Some of the examples stated above are similar to what is done as "stress" testing or resource usage testing. There is no real boundary between these different test methods. They are all interconnected. For e.g. Some type of faults are introduced by stressing the system. To achieve timing requirements like FTT, it is required to know the resource usage of the tasks and the  functions related to the Safety functionality. 

Fault Injection Test in Functional level (Testing of the Embedded SW against Safety requirements)
 
The ISO26262 Standard expects that the Integrated SW is tested against the Software Safety  requirements. At this stage, this must be done in the target HW environment  (even if the Unit and Integration test are performed in the target environment). Testing at this level can be a black-box or white-box. 
 
At this level, fault injection testing can be done by introducing faults at  "function" level. This includes or but not limited to:
  1. Injecting various faults in the Vehicle bus (e.g., CAN or Ethernet).
  2. Injecting faults in calibration parameters.
  3. Injecting faults in Safety related outputs (outputs relevant to the Safety goals).
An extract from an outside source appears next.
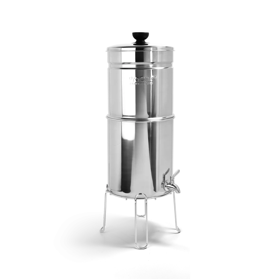 With Bonus Stainless Steel Stand for a limited time only! This High Flow Option includes an extra filter element which allows the system to filter faster. The ProOne Traveler+ system is great for household water filtration but it’s also ideal for travelling or emergency preparedness. Easy to set up. No electricity or plumbing required. Use with just about any potable water source whether at home, office, school, camping or travelling. The system requires no electricity to provide reliable water filtration just about anywhere whether at home, office, vacation or camping! Works with just about any water source including tap, rain tank, bore, lake, river, stream, pond and rainwater. Each system is made from high quality 304 polished stainless steel for lasting durability and attractive appearance. This system is ideal for indoor/outdoor daily use and for emergency preparedness. The ProOne Traveler+ comes equipped with a pair of the new ProOne G2.0 7” filter elements. Tested to remove/reduce: Fluoride (97.5%) Chlorine & other chemicals Giardia & other bacterias Lead, Aluminium, Copper & other heavy metals PFOS, PFAS Microplastics Blue-Green Algae + more ProOne Traveler+ system features include: Recommended for 1-4 persons 8.5 Litres (1.6 gallon) of filtered water storage capacity (17 Litres total) High Flow model supplied # of filters: 2x 7″ ProOne G2.0 Maximum # of filters: 2 Height: 52.1cm (20.5″) Diameter: 21.6cm (8.5”) High quality 304 polished stainless steel Embossed ProOne Logo Includes two ProOne G2.0 7 inch filter Includes Non-slip pad Free upgrade to Stainless Steel Spigot (tap) Free Stainless Steel Stand for a limited time only! The ProOne Traveler+ High Flow comes equipped with 2 ProOne G2.0 7” filter elements: Recommended replacement for 2 ProOne G2.0 7” filter element: 18-24 months Most economical “All-In-One” contaminants & fluoride filter element Silver infused to help prevent growth of bacteria No priming required Easy to clean Leaves in good minerals Nut and Alumina Free Reduces: Removes bad odours and taste Removes chlorine to 99.9%+ Removes chloramines to 99.9%+ Removes detergents and solvents Reduces fluoride up to 97.5%+ Removes viruses to greater than 99.99%+ Removes parasites to greater than 99.999%+ Removes Blue-Green Algaes (Anabaena, Eucapsis, Fischerella, Spirulina etc) up to 99.999%+ Removes Trihalomethanes up to 99.9%+ Removes inorganic minerals up to 99.9%+ Removes heavy metals including chromium, lead, arsenic and aluminium to 99.9%+ Removes cloudiness, silt and sediment. You can filter creek, river and dam water safely Removes hormones & pharmaceuticals up to 99.9%+ Removes petrol & oil up to 99.9%+ Reduces alpha & beta radiologicals, uranium, plutonium etc Removes herbicides and pesticides including Glycophosphates (ie Round-up) up to 100% reduction Removes PFOA & PFOS up to 99.9%+ Specifications Filters: 2x 7 inch ProOne Filter Elements Finish: Polished Filter Lifespan (per pair): Up to approximately 2 years or 2000 Gallons (7570 litres) whichever comes first *depending on individual water quality conditions* Filter Lifespan (per filter): Up to approximately 2 years or 1000 gallons (3785 litres) whichever comes first *depending on individual water quality conditions* Please Note: The Filters once wet must be used within 2 years Click here for ProOne Lab Test Results Please Note: Prior to Travelling we recommend removing all filters from your system and securely storing them to prevent damage. For more information contact the store. (ProOneTrav_HIGHFLOW)

To do effective fault injection tests for Safety goals requires a really good understanding of not only the Safety requirements but overall System requirements that are related to the Outputs.
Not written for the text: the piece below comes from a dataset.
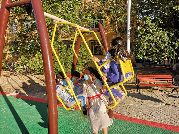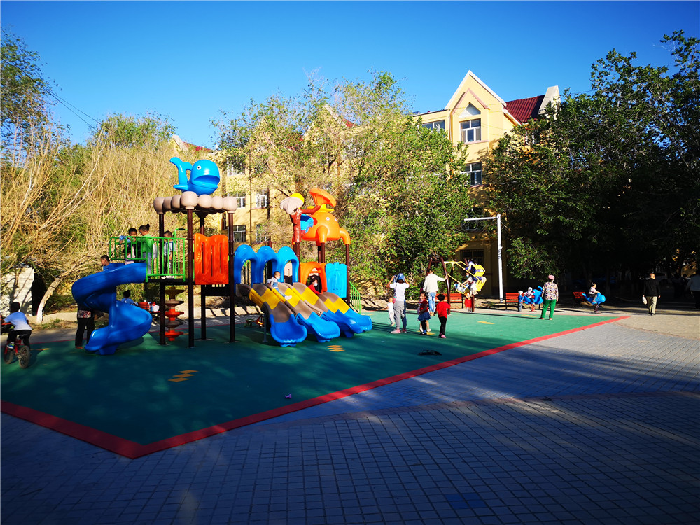 团场居民董红卫也带着孩子来到了社区游乐场,看到崭新的游乐设施,场地边舒适的休闲椅,他高兴的说:“团场确实干了件好事,给孩子们打造了一个很好的乐园,而且铺设好的地垫也让孩子们在这里玩的安全,我们更加放心。”

  4. Injecting faults in HW level to verify Safety mechanisms defined for FFI or Independence or detection of latent faults.
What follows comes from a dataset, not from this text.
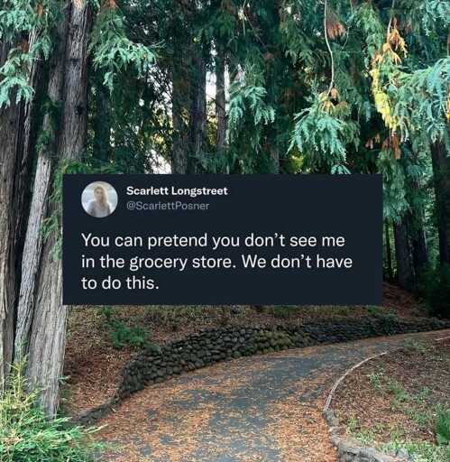 The background… Makes it seem like the person is getting escorted into the woods to be murdered due to their interaction at the grocery store.

  5. Injecting faults in Microcontroller by writing fault-injecting-code to verify the Safety mechanisms provided by the MCU.

Summary
 
Our goal of defining such systematic processes for fault injection test is to ensure we can maximize the effectiveness by increasing the rigor of the activity. But does that mean, we have a perfect fault injection test procedure in place? No!  
 
Our System is only tested sufficient enough to our knowledge and ability to think of artificial ways to simulate faults. We may use well-defined fault models as a base to simulate faults, but still, we can never rule out those 'unknown' faults. If we cannot think of a certain fault in the first place, then how can we inject it and verify the behavior?
 
If there are 2 things that you want to take from this blog, it is this:
  1. Aim to Identify faults in the earliest stage possible
  2. Take the fault injection test activity very seriously because you do not want the defects to escape and get caught by the Customer! So brainstorm as a team to define high-quality tests, take lessons from previous programs, involve experts, and do exhaustive reviews!
We will end this article with a thought-starter for you: "To what extent should you inject systematic faults in the System if you already have processes in place to control them?
 
We will cover this topic soon in one of our forthcoming blogs.